How to safely kill specific transaction

Hi,
I have a question about the way to safely kill or recover stacked nodes.

let me explain how I was in trouble and what is the question.

☆ The way I was in trouble

  1. DB is stucked during the benchmarking. (I saw lock wait timeout warning from the bench marking apllication)

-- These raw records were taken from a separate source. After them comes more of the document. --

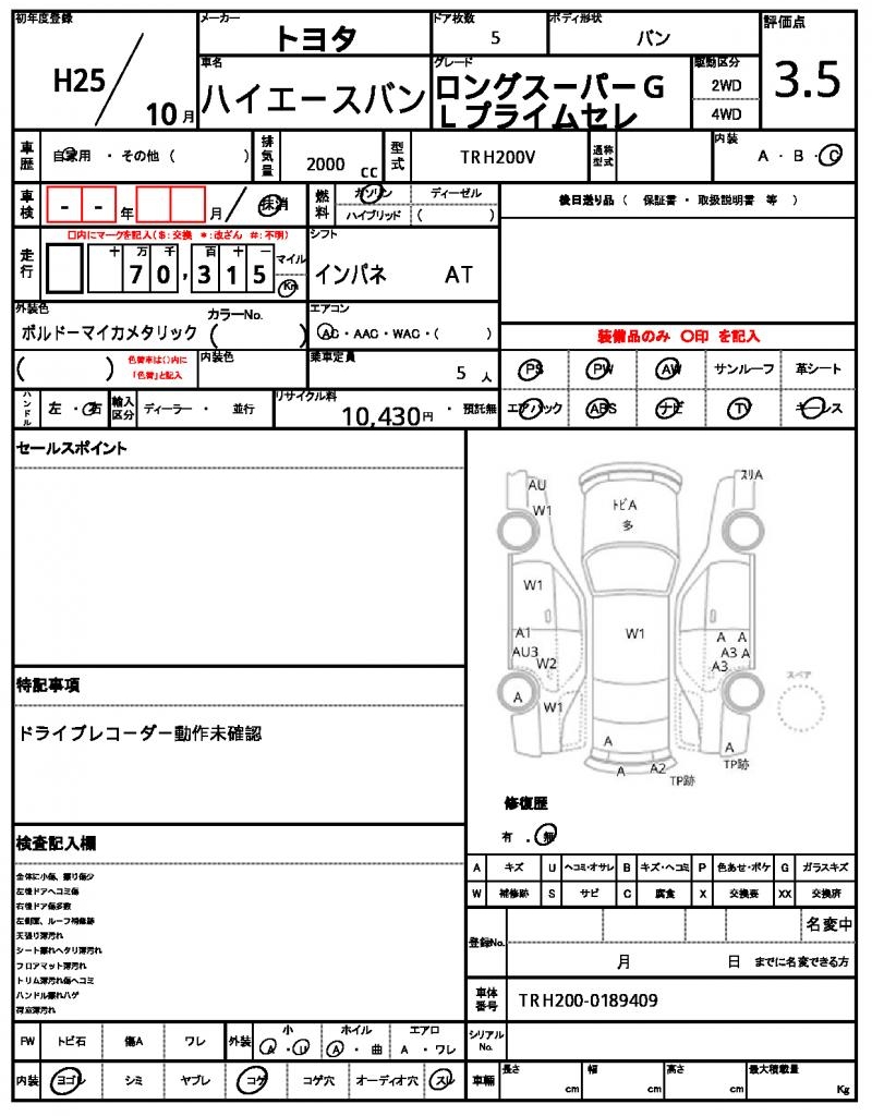 | VIN/Serial No. | TRH200-0189409 |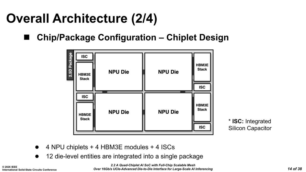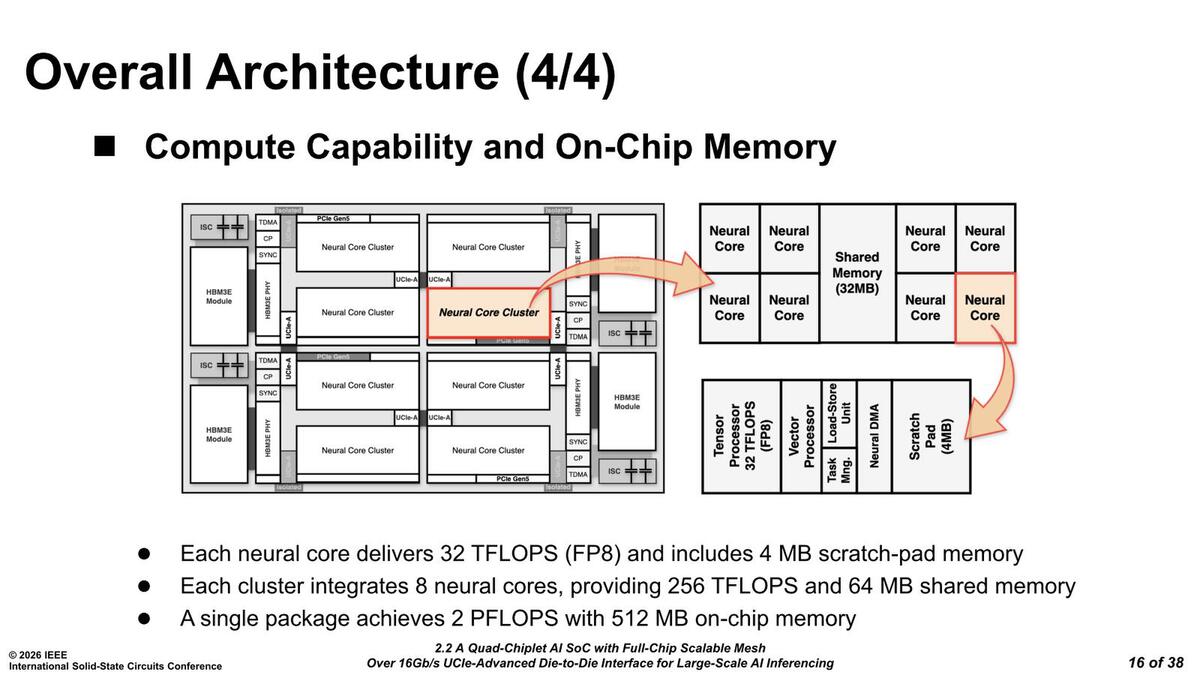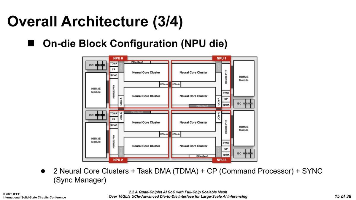 内部にはニューラルコア×16と共有メモリー×8ブロック、UCIe-A(Advanced Package)のI/Fが3ヵ所と2×PCIe Gen5 x16のI/F、HBM3eのI/F、それにTDMA(Task DMA)/CP(Command Processor)/SYNC(Sync Manager)が搭載される格好である。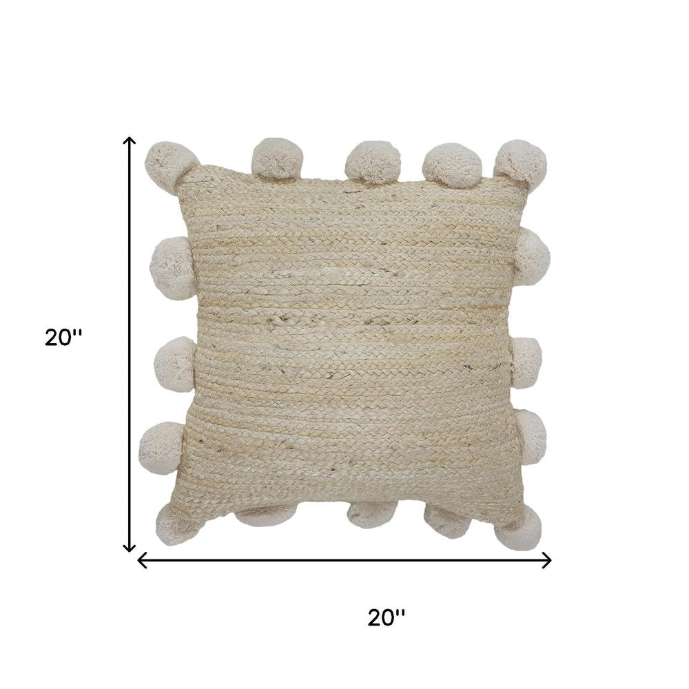 20" Tan And Brown Cotton Blend Throw Pillow Cover

processlist of Master (Node for update) is as follows

mysql> show processlist;
±—±------------±--------------------±-----±--------±------±---------------------------±----------------------±----------±--------------±----------+
| Id | User | Host | db | Command | Time | State | Info | Rows_sent | Rows_examined | Rows_read |
±—±------------±--------------------±-----±--------±------±---------------------------±----------------------±----------±--------------±----------+
| 1 | system user | | NULL | Sleep | 14292 | wsrep aborter idle | NULL | 0 | 0 | 0 |
| 2 | system user | | NULL | Sleep | 14292 | NULL | NULL | 0 | 0 | 0 |
(…)
| 32 | system user | | NULL | Sleep | 14263 | NULL | NULL | 0 | 0 | 0 |
| 33 | system user | | NULL | Sleep | 14263 | NULL | NULL | 0 | 0 | 0 |
| 37 | tpcc | 192.168.10.45:41469 | tpcc | Killed | 12945 | wsrep in pre-commit stage | commit | 0 | 0 | 0 |
( many thread of pre-commit stage threads )
| 42 | tpcc | 192.168.10.45:41474 | tpcc | Query | 12945 | wsrep in pre-commit stage | commit | 0 | 0 | 0 |
(…)
| 69 | root | localhost | NULL | Query | 7669 | Preparing for TO isolation | create database test1 | 0 | 0 | 0 |
| 72 | root | localhost | NULL | Query | 0 | sleeping | show processlist | 0 | 0 | 0 |
±—±------------±--------------------±-----±--------±------±---------------------------±----------------------±----------±--------------±----------+
55 rows in set (0.00 sec)

Id 69 is query so that I confirm whether I can update DB. ( this query seems to be stucked )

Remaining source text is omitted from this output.